Alessandra Kersevan focalizza e descrive con particolare minuzia di dettagli e ricchezza di fonti il complesso problema dei rapporti etnico-ideologici nella Zona operativa del Litorale adriatico annessa al Terzo Reich, e dei conseguenti attriti tra le diverse componenti della Resistenza. Ed ecco che nel complicato panorama bellico del Friuli orientale entrano in scena personaggi e interessi che fanno degli ultimi mesi di guerra “calda” un fosco inizio di quella fredda in cui trame e tentativi di alleanze segrete capovolgono molti dei principi della Resistenza sostenuti dal CLNAI.
Il dramma di Porzûs matura in questo clima esasperato, mentre in Friuli arrivano, con il piano De Courten emissari, agenti, mediatori e doppiogiochisti alla ricerca di un’alleanza che includa la Osoppo in un fronte comune italiano antislavo e anticomunista, con inclusa e riciclata la X Mas di Junio Valerio Borghese. I nomi, come i fatti, sono documentati; Cino Boccazzi, agente del SOE, i servizi britannici e poi dell’OSS americana, il maggiore Mario Argenton, agente del SIM, i servizi della marina badogliana, e membro “bianco” del CLN, Maria Pasquinelli fanatica fascista, nonché agente della X Mas, nota per aver ucciso nel 1947 a Pola il brigadiere generale britannico Robert W. De Winton, Antonio Marceglia, ufficiale della marina badogliana e agente del SIM, Italo Sauro, figlio dell’eroe irredentista Nazario e braccio destro di Mussolini per la pulizia etnica antislava, il principe Junio Valerio Borghese, capo della X Mas, e altri ancora. Come provato da documenti e deposizioni spesso contraddittorie ai processi Borghese (1947) e Porzûs (1952), che la Kersevan accuratamente cita, dal primo al trentun gennaio 45 si dipana una fitta rete di incontri tra osovani, agenti badogliani e fascisti che portano, sempre in gennaio, a quello tra il comandante supremo della Osoppo Candido Grassi “Verdi” e il delegato della X Mas Manlio Morelli, noto criminale di guerra. Ma la Kersevan ci presenta anche la corrispondenza e i promemoria paralleli della curia friulana con i comandi tedeschi e il capo della polizia delle SS generale Odilo Globocnik, dalle lettere dell’arcivescovo di Udine Giuseppe Nogara ai memoriali di don Aldo Moretti “Lino”, uno dei fondatori della Osoppo. “Palese” fu invece l’accordo, sostenuto da Bolla, tra gli osovani e la milizia fascista per un presidio comune a Ravosa, ufficialmente motivato per difendere la popolazione dalle razzie dei cosacchi collaborazionisti dei tedeschi, e quindi alleati dei fascisti.

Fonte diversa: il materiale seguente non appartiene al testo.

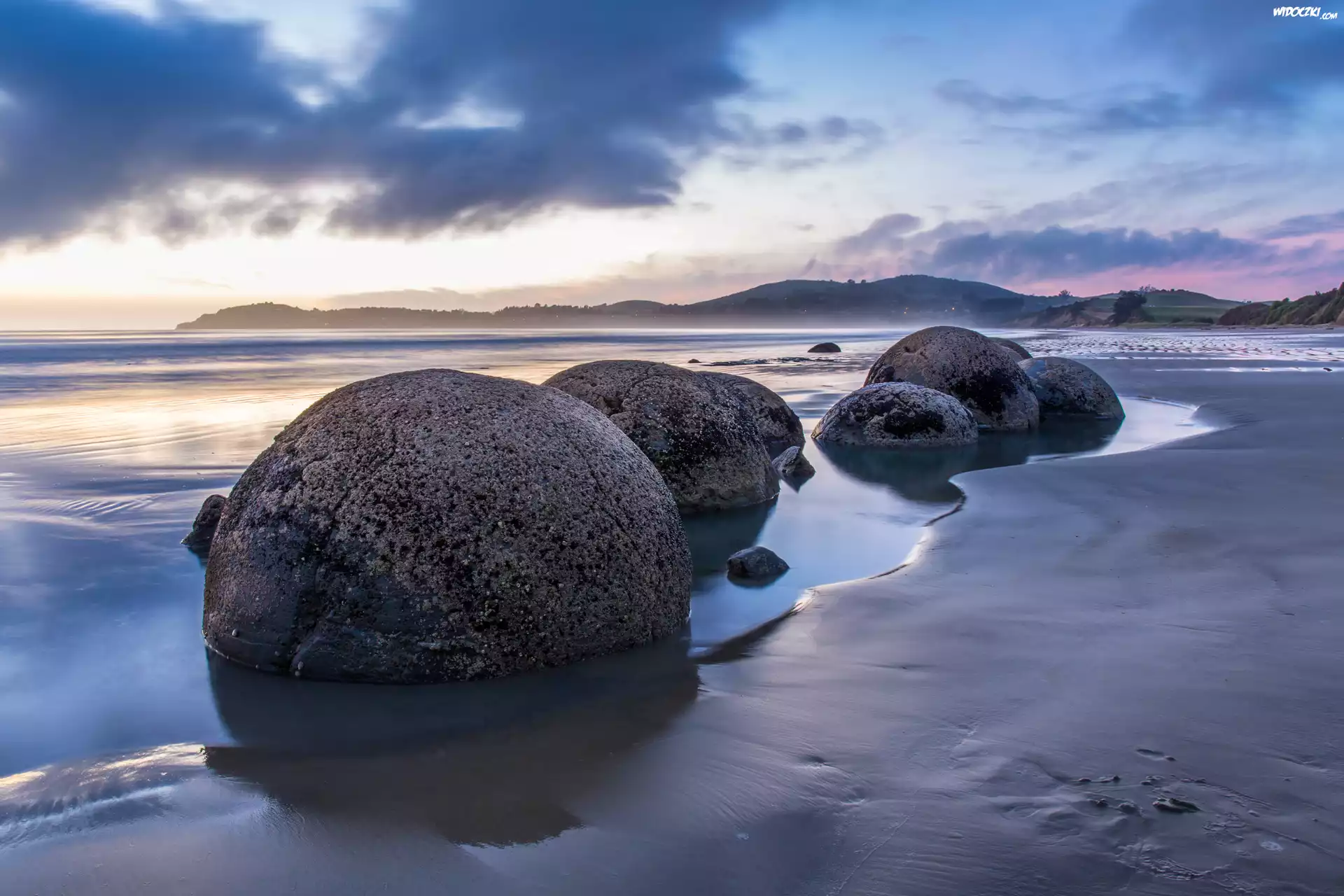 Zdjęcia, Zatoka Waikawau Bay, Wybrzeże, Kamienie, Głazy, Region Waikato, Nowa Zelandia

Ai garibaldini, come pure ai “palesi” alleati sloveni, tenuti all’oscuro di tali contatti, pervennero comunque diverse voci e prove di quanto stava avvenendo, come non rimase inosservato il miglior trattamento garantito ai prigionieri osovani, rispetto a quelli garibaldini nelle carceri nazifasciste.

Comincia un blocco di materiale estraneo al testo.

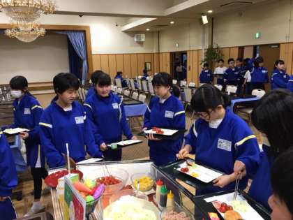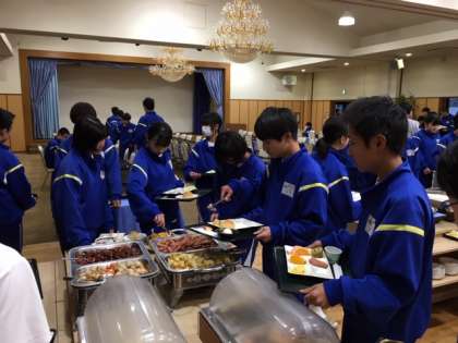 朝食はバイキングです。それぞれが、食べたいものを取っています。

Dopo l’eccidio di Porzûs, avvenuto nel febbraio 45, e dopo la fine della guerra, i tentativi di alleanza antislava e anticomunista tra resistenza bianca e fascisti germogliata “segretamente” in quel gennaio 1945 e culminata nell’arruolamento del collaborazionista “Reggimento alpini Tagliamento” nella Osoppo, divennero man mano più evidenti e istituzionali, favoriti in piena guerra fredda dall’Ufficio zone di confine istituito dal governo De Gasperi e coordinato da Giulio Andreotti. Ed inizia così pure la saga delle organizzazioni armate segrete con notevole presenza osovana ed ex membri della X Mas; dal 3.CVL, all’ Organizzazione O per finire con Gladio, creatura della Nato nel quadro dell’operazione anticomunista Stay behind, protagonista per decenni della sanguinosa strategia della tensione in Italia, la cui esistenza verrà riconosciuta nel 1990 da Giulio Andreotti e Francesco Cossiga.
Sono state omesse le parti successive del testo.